The circumstances under which any such restriction shall expire shall be
determined by the Committee and shall be set forth in the Stock Option Agreement
covering the grant of the Stock Option to purchase such Shares.
6. Assignability of Stock Options
Stock Options granted under the Plan shall not be assignable or otherwise
transferable by the recipient except by will or the laws of descent and
distribution, subject to the provisions of Sections 5(c)(iv)(B) and 5(c)(v)(B).
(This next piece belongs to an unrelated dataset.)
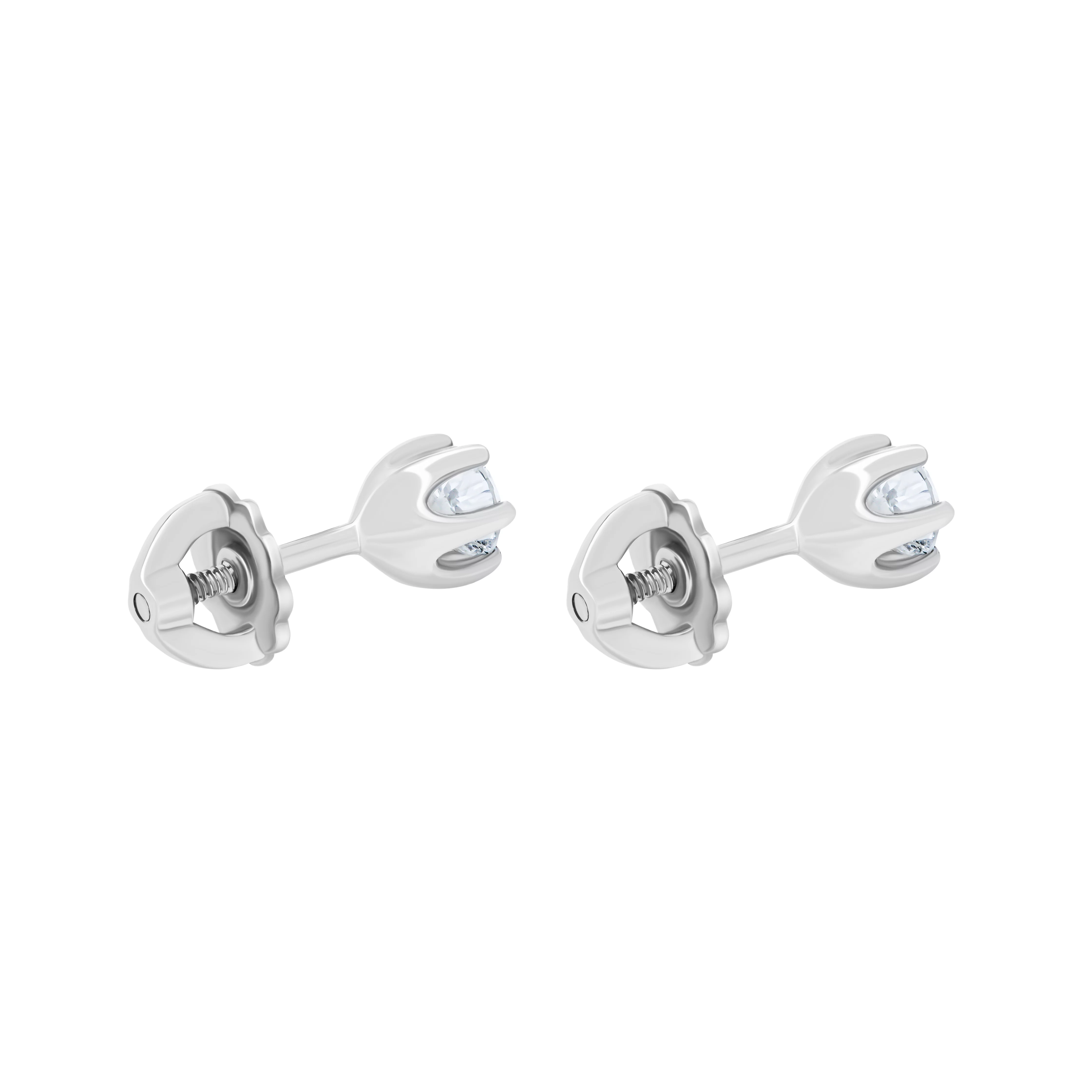Сережки-гвоздики з діамантом у стилі мінімалізм у білому золоті - 1801730

Otherwise, Stock Options granted under this Plan shall be exercisable during the
lifetime of the recipient (except as otherwise provided in the Plan or the
applicable Agreement for Stock Options other than incentive stock options) only
by the recipient for his or her individual account, and no purported assignment
or transfer of such Stock Options thereunder, whether voluntary or involuntary,
by operation of law or otherwise, shall vest in the purported assignee or
transferee any interest or right therein whatsoever but immediately upon any
such purported assignment or transfer, or any attempt to make the same, such
Stock Options thereunder shall terminate and become of no further effect.
7. Taxes
The Committee may make such provisions and rules as it may deem appropriate
for the withholding of taxes in connection with any Stock Options granted under
the Plan. An optionee, in the discretion of the Committee, may elect to satisfy
all or any portion of the United States tax required to be withheld by the
Company in connection with the exercise of such Stock Option by electing to have
the Company withhold a number of Shares having a Fair Market Value on the date
of exercise equal to or less than the amount required to be withheld. An
optionee's election pursuant to the preceding sentence must be made on or before
the date of exercise and must be irrevocable.
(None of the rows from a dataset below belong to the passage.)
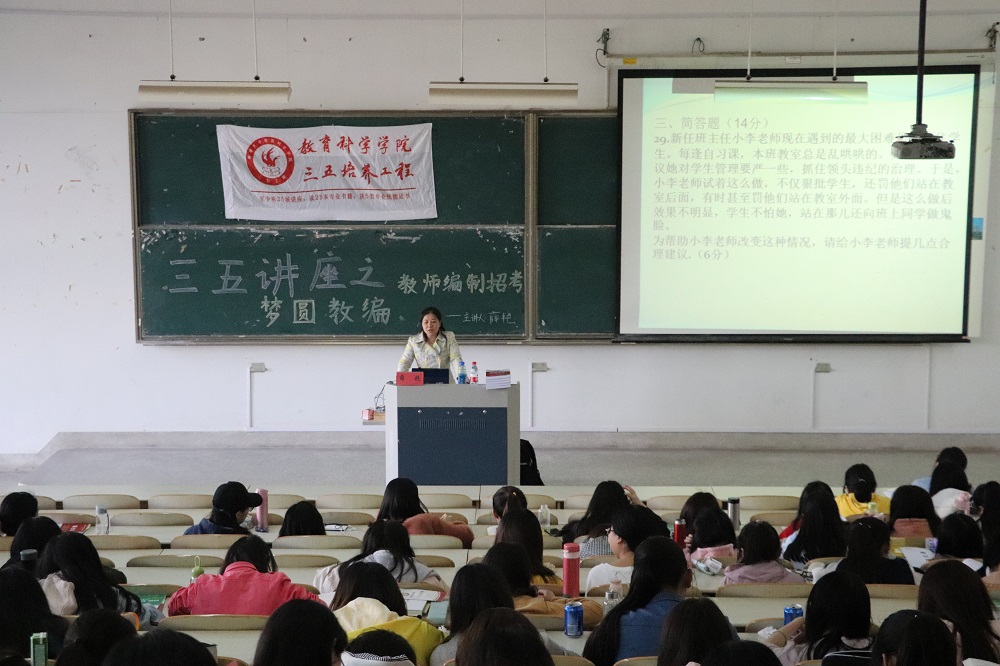 4月18日14:00,由色色直播 学习科研部主办,南京学信教育毛老师主持,南京师范大学副教授、心理学专业硕士生导师薛艳老师主讲的“梦圆教编——教师编制招考”公益讲座在色色直播 主校区9号楼202教室成功举办。色色直播 的近300名学生聆听了此次讲座。
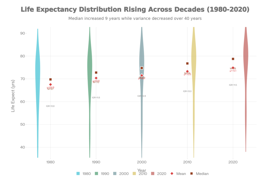 Комплексный анализ мировой ожидаемой продолжительности жизни (1980-2020): Интерактивная инфографика с хитмапом, распределением, трендами роста и квартильным анализом.
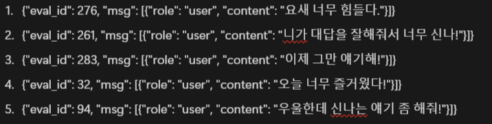 - eval.jsonl : 220개의 자연어 query (멀티턴 대화 20개, 일상대화 20개 포함)

8. Reorganizations and Recapitalization of the Company
(a) Plan Does Not Limit Company Actions. The existence of this Plan and
Stock Options granted hereunder shall not affect in any way the right or power
of the Company or its stockholders to make or authorize any or all adjustments,
recapitalization,
-7-
<PAGE>
reorganizations or other changes in the Company's capital structure or its
business, or any merger or consolidated of the Company, or any issue of bonds,
debentures, preferred or prior preference stocks ahead of or affecting the
Shares or the rights thereof, or the dissolution or liquidation of the Company,
or any sale or transfer of all or any part of its assets or business, or any
other corporate act or proceeding, whether of a similar character or otherwise.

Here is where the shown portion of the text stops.